Recorded data

★ ★ ★ ★ ★ ★ ★

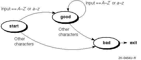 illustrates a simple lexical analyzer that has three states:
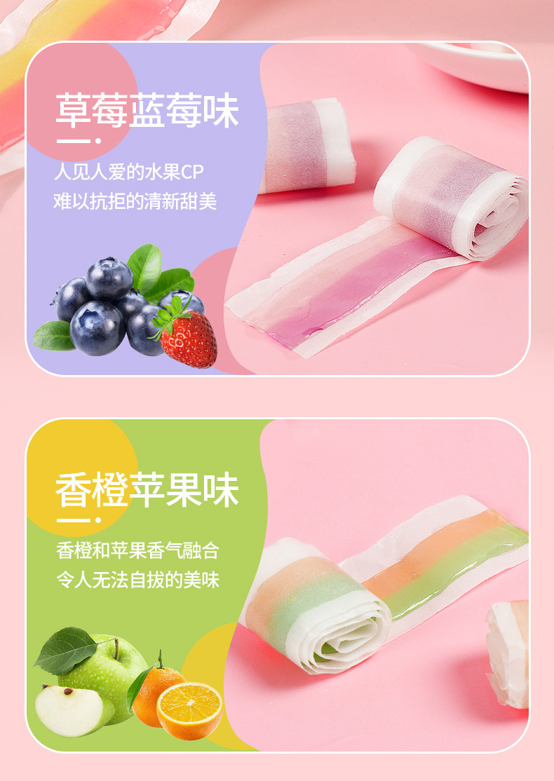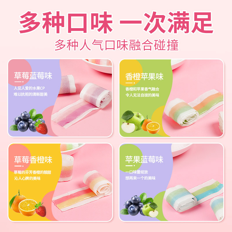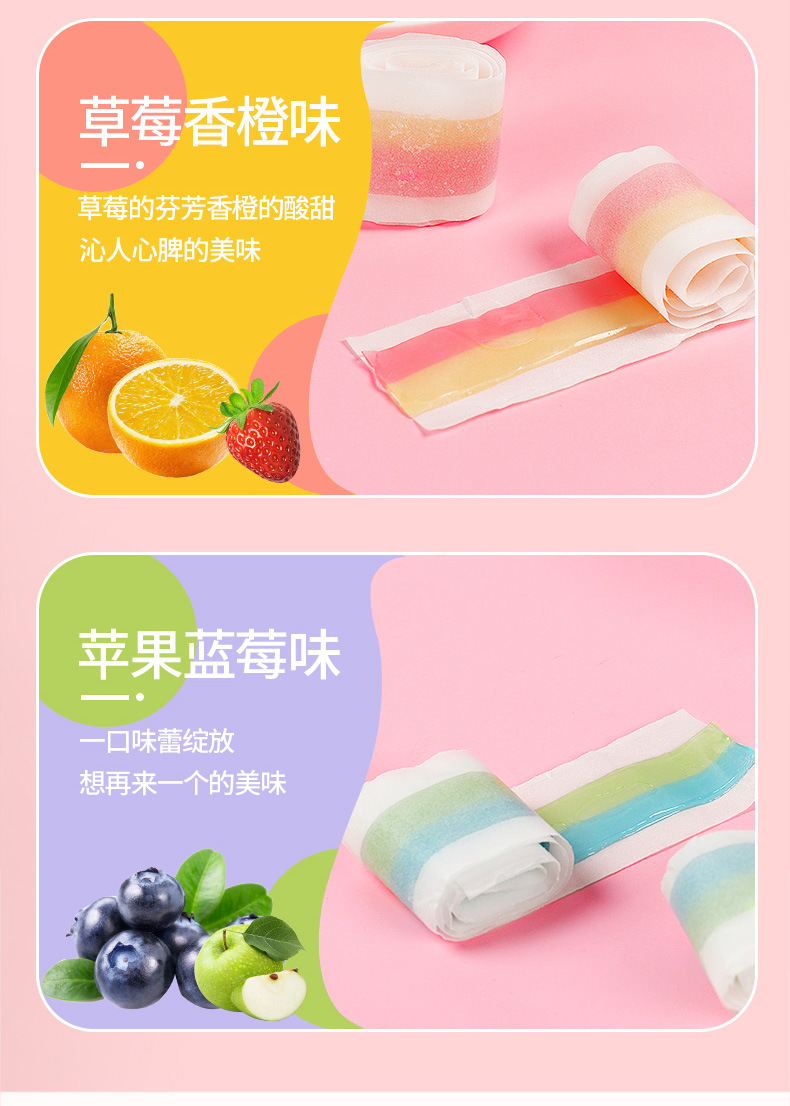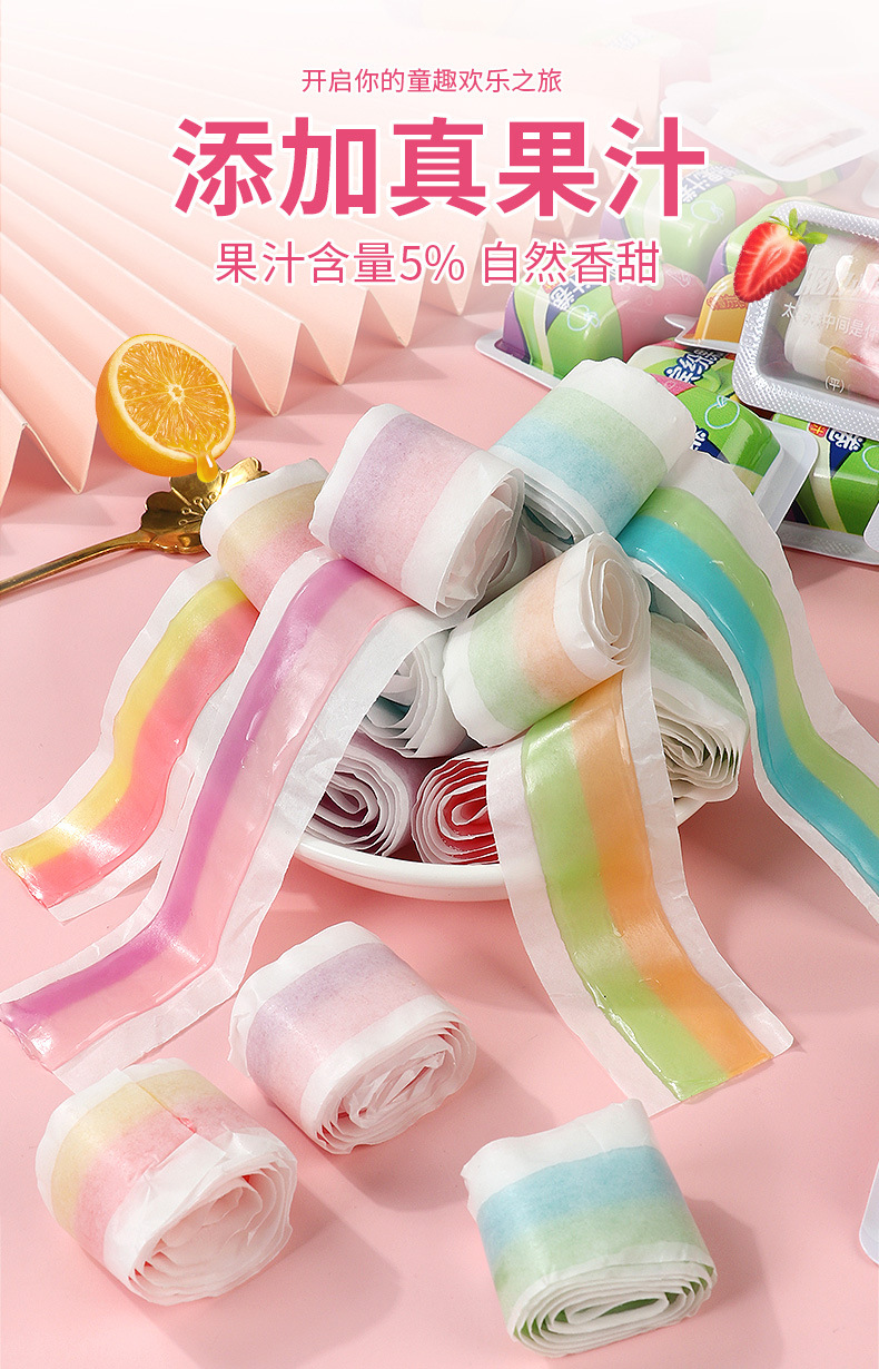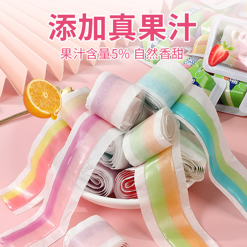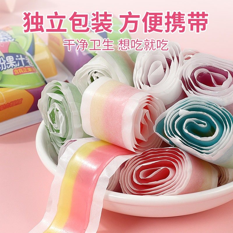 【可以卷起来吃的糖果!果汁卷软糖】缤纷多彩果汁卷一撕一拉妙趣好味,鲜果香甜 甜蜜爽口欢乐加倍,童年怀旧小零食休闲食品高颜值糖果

★ ★ ★ ★ ★ ★ ★

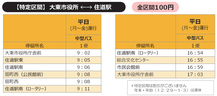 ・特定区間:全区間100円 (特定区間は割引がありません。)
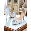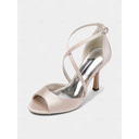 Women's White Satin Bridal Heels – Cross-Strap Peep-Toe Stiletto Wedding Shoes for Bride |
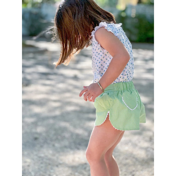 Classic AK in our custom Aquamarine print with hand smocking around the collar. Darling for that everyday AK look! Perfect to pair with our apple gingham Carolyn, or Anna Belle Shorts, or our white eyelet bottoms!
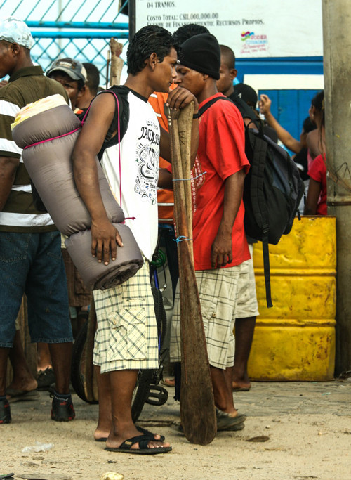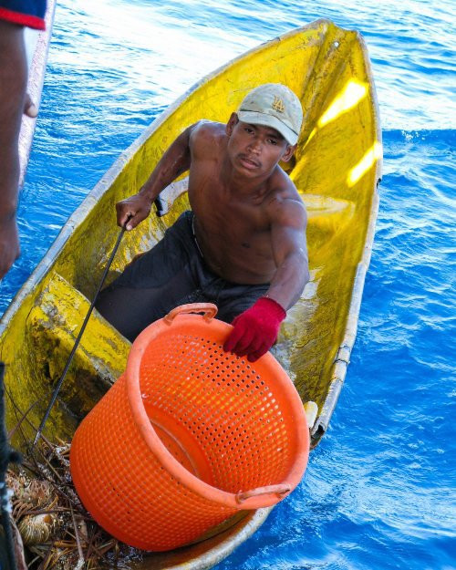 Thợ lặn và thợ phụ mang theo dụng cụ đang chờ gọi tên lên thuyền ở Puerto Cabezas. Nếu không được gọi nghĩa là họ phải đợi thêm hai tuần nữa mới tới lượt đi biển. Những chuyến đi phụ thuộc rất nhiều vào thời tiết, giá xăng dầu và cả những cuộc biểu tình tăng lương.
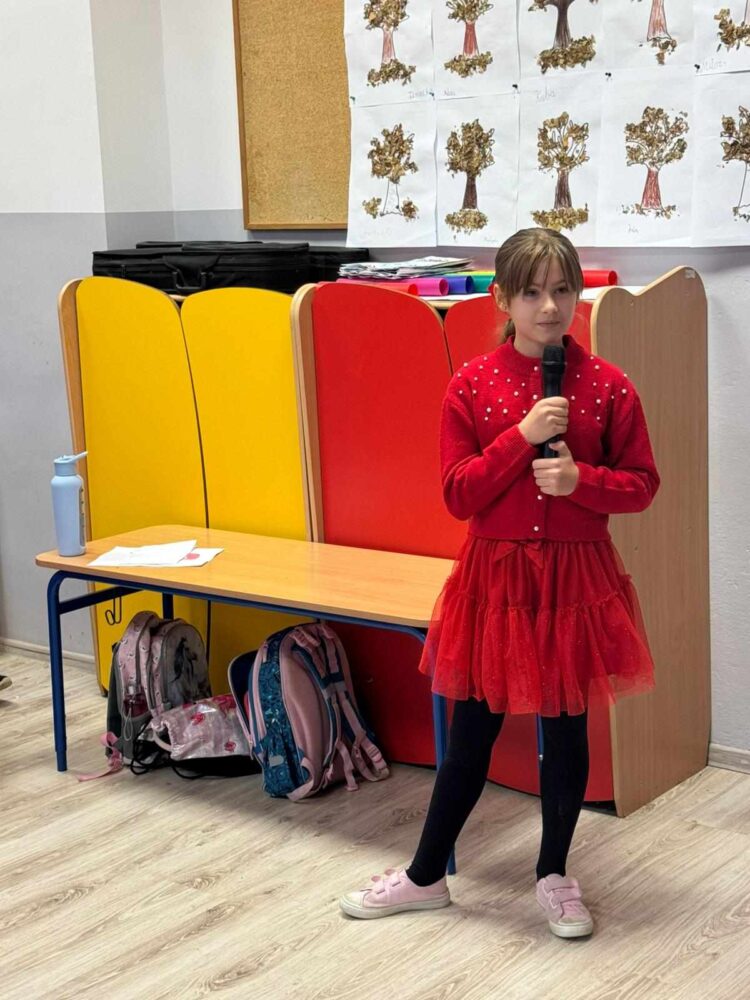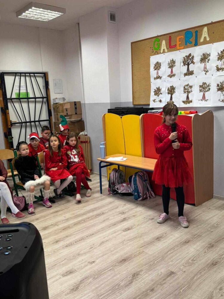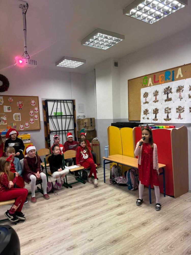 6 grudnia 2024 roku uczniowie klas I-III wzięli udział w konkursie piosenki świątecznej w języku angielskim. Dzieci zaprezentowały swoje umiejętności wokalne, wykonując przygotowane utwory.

★ ★ ★ ★ ★ ★ ★

Your objective
Word for word, write out the lines above running from the one with "Thợ lặn và thợ" up to and including the one with "6 grudnia 2024". Drop any picture.

Task response
 Thợ lặn và thợ phụ mang theo dụng cụ đang chờ gọi tên lên thuyền ở Puerto Cabezas. Nếu không được gọi nghĩa là họ phải đợi thêm hai tuần nữa mới tới lượt đi biển. Những chuyến đi phụ thuộc rất nhiều vào thời tiết, giá xăng dầu và cả những cuộc biểu tình tăng lương.
 6 grudnia 2024 roku uczniowie klas I-III wzięli udział w konkursie piosenki świątecznej w języku angielskim. Dzieci zaprezentowały swoje umiejętności wokalne, wykonując przygotowane utwory.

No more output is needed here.